Мы, матросы Черноморского флота, так судим. Кто храбрее? Все храбрые! Кто ловчее? Все ловкие! Все добрые товарищи. Троим кресты даем – это все одинаково, как бы каждому дали крест. Мне креста не полагается: я на горе не был. А уж невидимый знак и я на груди ношу. Тебе отличие – отличие всему Черноморскому флоту. Понял ты это, мастер? А раз ты затронул у нас эту жилку, мы тебе ответим. Не в том сила, храбрый ты или нет, – да хоть бы самый храбрый на свете!
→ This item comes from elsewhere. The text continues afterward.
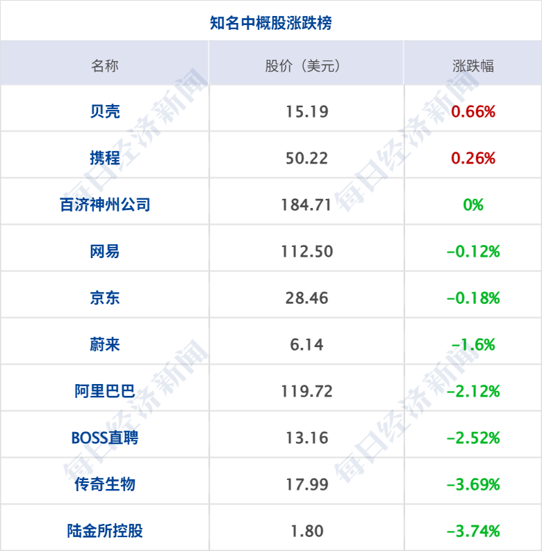 美股三大指数收盘涨跌不一,纳指涨0.1%,标普500指数涨0.08%,道指跌0.18%,其中,纳指和标普500指数录得四连涨;科技股涨跌互现,博通涨超6%,英特尔涨超4%,西部数据、谷歌涨超2%,苹果跌超2%,特斯拉、甲骨文、高通跌超1%。中概股多数下跌,纳斯达克中国金龙指数跌0.94%,阿特斯太阳能跌超5%,老虎证券、禾赛科技、阿里巴巴跌逾2%。
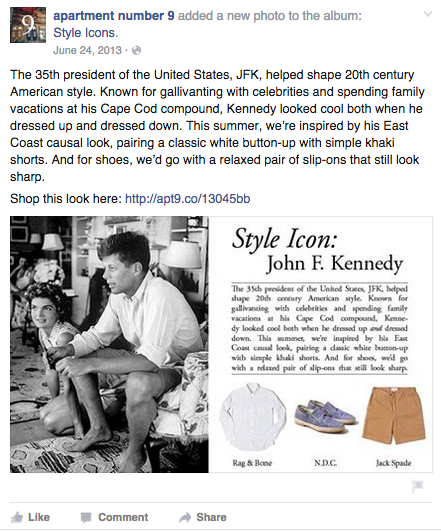 As manager of e-commerce and lead copywriter at Chicago-based menswear shop, Apartment Number 9, I managed all aspects of the webpage, and I produced all written content displayed throughout the site. From product copy to brand descriptions and promotional materials to headlines, each and every word was written by me. Additionally, I managed and developed content for our social media pages, and also I contributed to our online magazine called The Bulletin. Scroll down to see what I made.

А в том сила, хотим ли мы тебя за ровню принять, признать тебя за родного человека… Так? Так. И, стало быть, за всех скажу: жилку ты затронул. Заиграла жилка, и должны мы тебя принять за правильного матроса действующего флота. Правильно я судил, товарищи?
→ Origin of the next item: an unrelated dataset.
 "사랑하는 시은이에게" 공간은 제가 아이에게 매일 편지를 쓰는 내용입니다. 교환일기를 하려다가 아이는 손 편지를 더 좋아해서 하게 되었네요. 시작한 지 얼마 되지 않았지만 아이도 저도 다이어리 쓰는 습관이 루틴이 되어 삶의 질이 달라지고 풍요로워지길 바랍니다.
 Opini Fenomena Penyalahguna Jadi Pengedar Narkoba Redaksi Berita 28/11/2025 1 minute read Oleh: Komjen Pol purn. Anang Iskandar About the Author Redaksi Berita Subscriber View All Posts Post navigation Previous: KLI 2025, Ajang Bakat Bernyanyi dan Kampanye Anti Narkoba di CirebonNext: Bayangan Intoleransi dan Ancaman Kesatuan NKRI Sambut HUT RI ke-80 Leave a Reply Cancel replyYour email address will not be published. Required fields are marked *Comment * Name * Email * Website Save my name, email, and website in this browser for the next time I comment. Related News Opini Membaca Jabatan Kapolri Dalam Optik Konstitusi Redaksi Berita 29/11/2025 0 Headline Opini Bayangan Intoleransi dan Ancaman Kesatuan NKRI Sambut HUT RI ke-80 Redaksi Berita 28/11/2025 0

– Правильно! – одним дыханием ответили ему матросы.
– Писарь, пиши! Записали. Стало быть, решили мы, что Мокроусенко Тарас, хоть он и нестроевой, принят за законного матроса, и дать ему долю флотского счастья… Так? Так. Записали. На гору ходило пятьдесят, кроме нестроевых и мичмана. Осталось на горе восемь. Жеребьев сорок два да на Мокроусенко один – итого сорок три жеребья…
Кресты
Антонов встал и, приподняв платок, переложил его с орденами влево. Веня увидел, что под платком лежали приготовленные раньше квадратики, аккуратно нарезанные из бумаги. Боцман отсчитал сорок три квадратика, на трех квадратах Антонов поставил по кресту карандашом. Быстро и ловко скатал бумажки между ладонями в трубочки – видно, это дело ему было привычно.
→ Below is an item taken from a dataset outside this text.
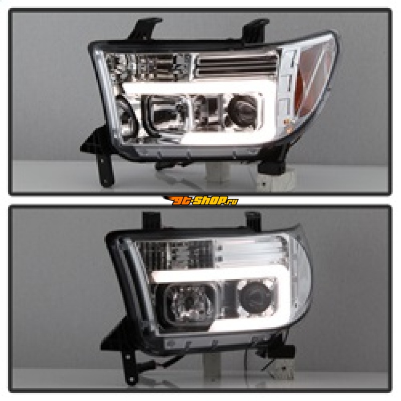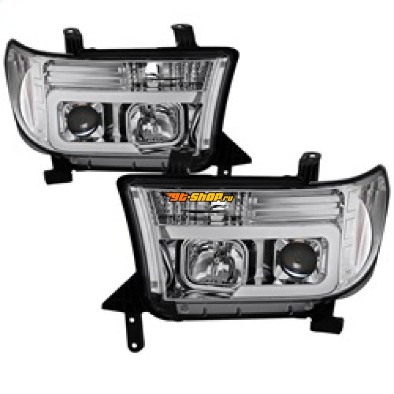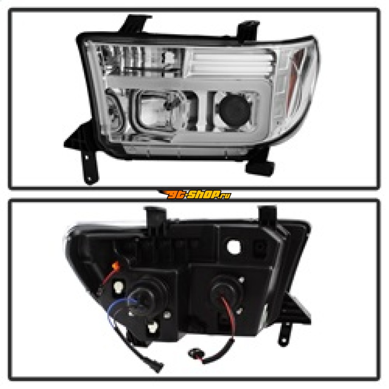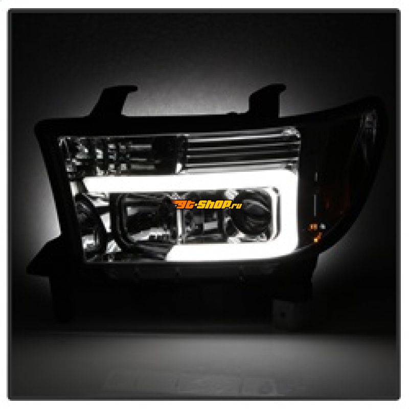 Spyder 07-13 Toyota Tundra V2 Light Bar DRL Projector Headlights - Chrome (PRO-YD-TTU07V2-LB-C)
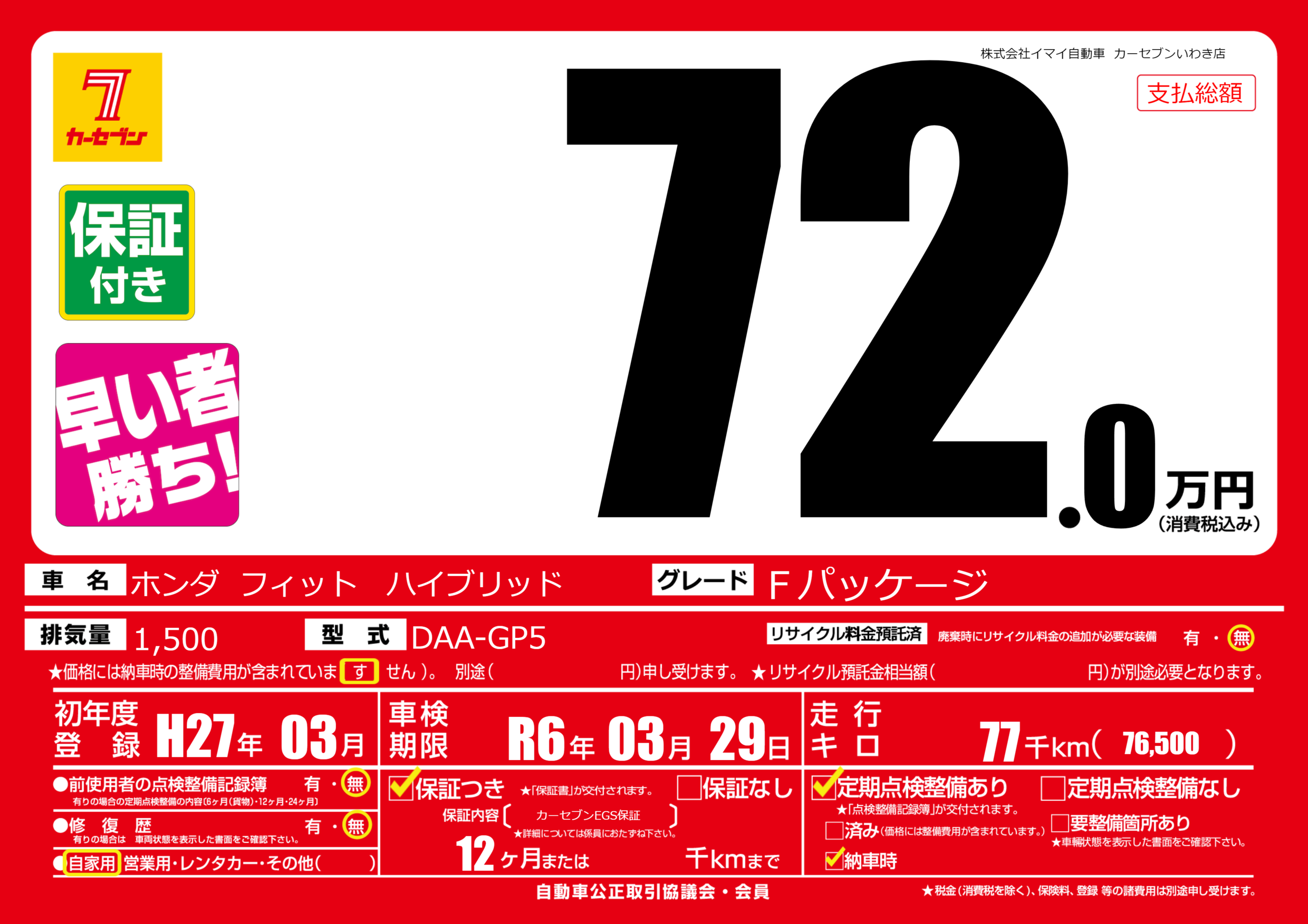保証内容(  カーセブンEGS保証) 12ヶ月または千km

Матросы молча смотрели не отрываясь на руки Антонова.
– Юнга! Дай твою шапку, ты еще безгрешный!
Веня подставил шапку дном вниз, и Антонов стал бросать туда одну за другой маленькие трубочки, вслух считая:
– … Сорок два, сорок три! Так? Так. Юнга, тряси!
Юнга начал трясти шапку, словно сеял через сито муку, и тряс так до конца этой торжественной церемонии.
– Подходите, братишки, по порядку, без суеты, – предложил Антонов.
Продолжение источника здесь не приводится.